Ad esempio, il linguaggio parlato consiste di distinti elementi uditivi adoperati per


rappresentare concetti simbolici (parole) e disposti in un ordine che precisa ulteriormente il
loro significato.

I simboli possiedono un forte carattere intersoggettivo, in quanto sono condivisi da un gruppo


sociale o da una comunità culturale, politica, religiosa.

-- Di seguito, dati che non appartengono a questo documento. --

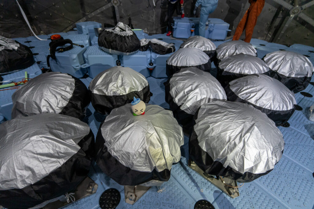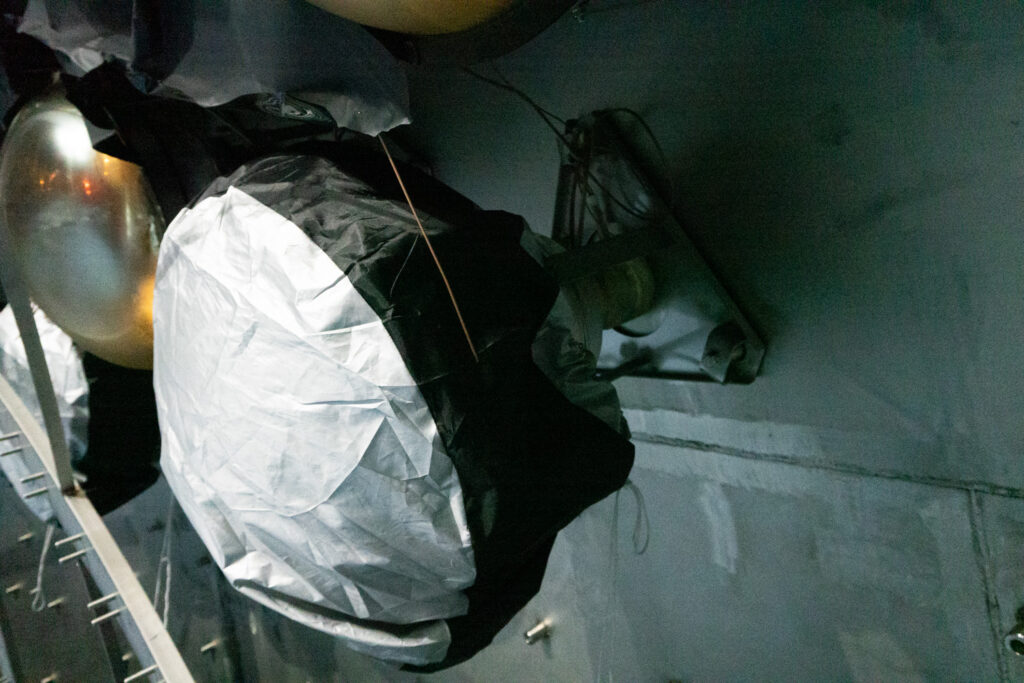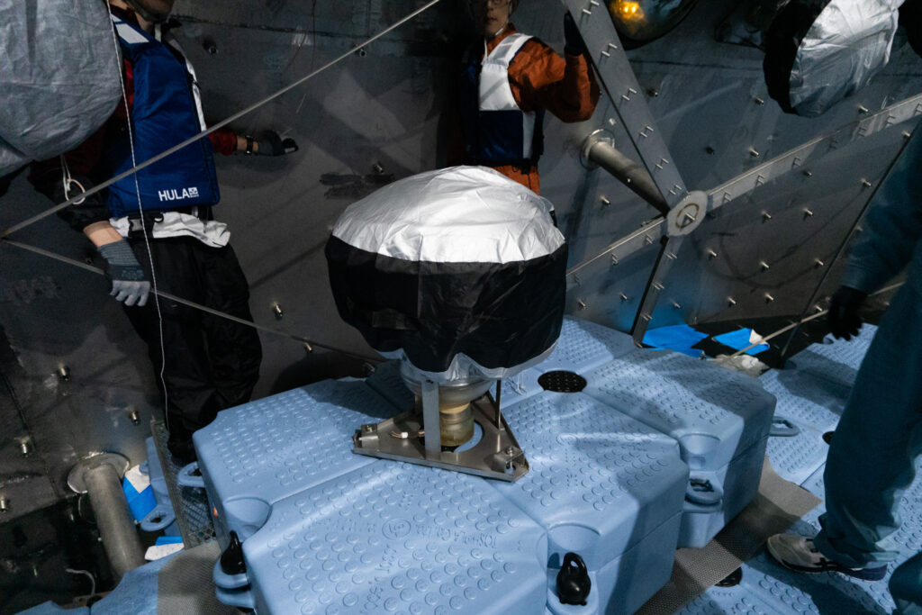 いろいろな作業を終えて、ゴンドラで球体タンクの外に上がっていくようすも撮影しました。水色の足場や壁面の光電子増倍管から遠ざかっていく光景は、すごく不思議な感覚を覚えてしまいます。

Se, come sostiene René Alleau una società senza simboli non può evitare di cadere al livello delle
società infraumane, poiché la funzione simbolica è un modo di stabilire una relazione tra il
sensibile e il sovrasensibile, sulla interpretazione dei simboli e sul loro impiego da sempre gli
uomini sono divisi. Tale atteggiamento è spesso dovuto al fatto che spesso l'uomo tenta di
trovare un significato ad un simbolo anche se questo non ne ha; può evocare e focalizzare,
riunire e concentrare, in modo analogicamente polivalente, una molteplicità di sensi che non si
riducono a un unico significato e neppure ad alcuni significati soltanto. All'interno del medesimo
simbolo vi sono evocazioni simboliche molteplici e gerarchicamente sovrapposte che non si
escludono reciprocamente, ma sono anzi concordanti tra loro, perché in realtà esprimono le
applicazioni di uno stesso principio a ordini diversi, ed in tal modo si completano e si
corroborano, integrandosi nell'armonia della sintesi totale. Questo che rende il simbolismo un
linguaggio meno limitato del linguaggio comune ed adatto per l'espressione e la comunicazione
di certe verità, facendone il linguaggio iniziatico per eccellenza ed il veicolo indispensabile di
ogni insegnamento tradizionale.

A questo punto vale la necessità di stabilire che il simbolo è diverso dall'allegoria che si esprime
preferibilmente tramite il linguaggio mentre il simbolo contiene di per sé quello che vuole
significare.

Un simbolo è qualcosa di più concreto, statico, assoluto rispetto all'allegoria. Per esempio,
un'aquila può essere simbolo di regalità, di forza, ecc. Anche un'aquila in volo o in un'altra
azione generica spesso ha valenza di simbolo, indipendente dal contesto entro il quale viene
posta. Quando invece il contesto è basilare nell'interpretazione si parla di allegoria; un'aquila
che, all'interno di una narrazione, scenda dal cielo e faccia una serie di azioni significative può
rappresentare un'immagine più complessa (ad esempio simboleggiava il Sacro Romano Impero
e in base alle azioni che può compiere nello specifico si può estrapolare una situazione politica
specifica). Spesso l'allegoria, nella sua complessità maggiore, ha un'interpretazione "soggettiva",
cioè legata al tipo di lettura che se ne fa. Il legame tra oggetto significato e immagine significante
nell'allegoria è arbitrario e intenzionale, a differenza del simbolo in cui è piuttosto
convenzionale; nell'allegoria non può essere decodificato in maniera intuitiva e immediata, ma
necessita di un'elaborazione intellettuale. L'allegoria è comunque sempre "relativa" (al
contrario di "assoluta"), ovvero è suscettibile di una discussione critica nella fase di
interpretazione.

Il simbolo quindi con un significato immediato contenuto al suo interno si può dire abbia una
valenza metafisica nascosta espressa da un intimo rapporto tra la raffigurazione sensibile
espressa nel simbolo e la sua valenza ideale.